Un dépôt de garantie est une somme versée par la personne locataire à un propriétaire, à la demande de ce dernier, lors de la signature d’un bail. Dans la pratique courante, le propriétaire demande au locataire de lui « avancer un mois » lors du premier paiement du loyer. À titre d’exemple, un ou une locataire qui loue un logement au coût de 856$ par mois (coût du loyer moyen d’un 3 et demi pour la Haute- Ville de Québec) devrait débourser un montant de 1 712 $ le premier mois de sa location, montant que le propriétaire conservera jusqu’à la fin du bail. Les raisons principales qui sont invoquées par les propriétaires pour exiger un dépôt de garantie sont, notamment, le risque de non-paiement de loyer par le locataire ou le mauvais état dans lequel un locataire serait susceptible de remettre le logement au propriétaire.

La CORPIQ mésinterprète un jugement du tribunal et sème le flou

Pour affirmer que le dépôt de garantie est maintenant devenu légal, la CORPIQ s’appuie sur un jugement rendu en février 2020 par le TAL. Dans ce jugement, le juge administratif Robin-Martial Guay tranche qu’un locataire « dispose du droit de renoncer à l’interdiction [du dépôt de garantie] » prévu à l’article 1904 du Code civil du Québec. En d’autres termes, le juge Guay réaffirme un droit déjà connu, soit que le locataire a le droit de renoncer à la protection offerte par la loi et qu’il peut, en ce sens, verser un dépôt de garantie au propriétaire.

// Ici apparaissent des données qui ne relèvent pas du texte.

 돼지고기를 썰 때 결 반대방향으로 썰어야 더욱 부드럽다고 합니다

Cependant, le jour-même où la CORPIQ dévoilait son communiqué pour annoncer la légalité d’un dépôt de

garantie, le TAL publiait une nouvelle afin de rétablir les faits rapportés dans les médias. Le TAL souligne que le dépôt de garantie est valide s’il est versé « librement et volontairement », et que « les circonstances [dans lesquelles le dépôt est fait] ne permettent pas de conclure à une certaine forme d’exigence de la part du locateur ou à une crainte du locataire de ne pouvoir louer le logement à défaut de verser le dépôt**». Ainsi, le dépôt de garantie n’est valide que sous ces conditions. Autrement, il demeure une pratique illégale en vertu de la loi.

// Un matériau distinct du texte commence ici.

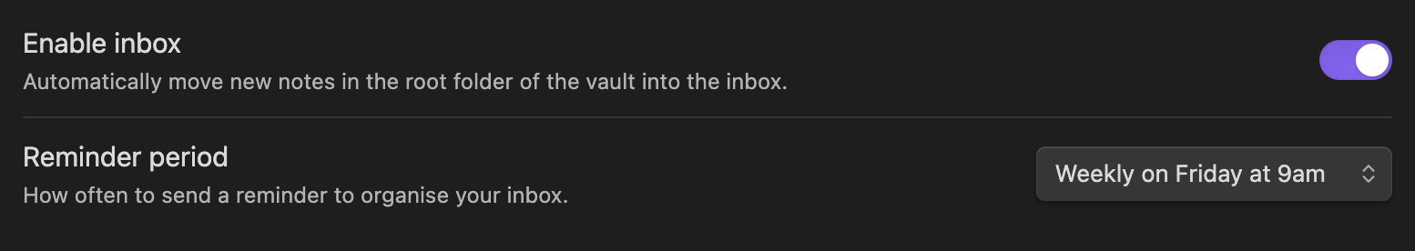 - Collects all new and unorganised notes saved into the root of your vault into an inbox folder

Une atteinte aux droits des locataires

Les organismes de défense des droits des locataires sont intervenus dans les médias afin de dénoncer le « détournement » et l’« extrapolation » que la CORPIQ faisait du jugement. La sortie médiatique de la CORPIQ, que l’on peut qualifier d’irresponsable compte tenu des conséquences légales qu’elle implique, a sans aucun doute créé un flou en ce qui a trait aux droits des locataires. De plus, malgré la rectification du TAL dans les médias au sujet du dépôt de garantie le 12 août 2020, la CORPIQ réaffirmait son caractère légal dans un article du 22 septembre 2020 publié sur son site Internet ; de quoi rajouter à l’incompréhension!

Si le dépôt de garantie est critiqué par les associations de défense du droit au logement, c’est que cette pratique brime le droit d’accès au logement pour les personnes qui n’ont pas les moyens économiques d’assurer cette charge financière. Si cette pratique devient de plus en plus courante – notamment parce qu’elle est encouragée par la CORPIQ –, il va sans dire que c’est à un sérieux problème d’accès au logement auquel nous devrons faire face, puisque rares sont les ménages à faible revenu qui ont le privilège de débloquer des centaines de dollars pour l’avancement d’un loyer.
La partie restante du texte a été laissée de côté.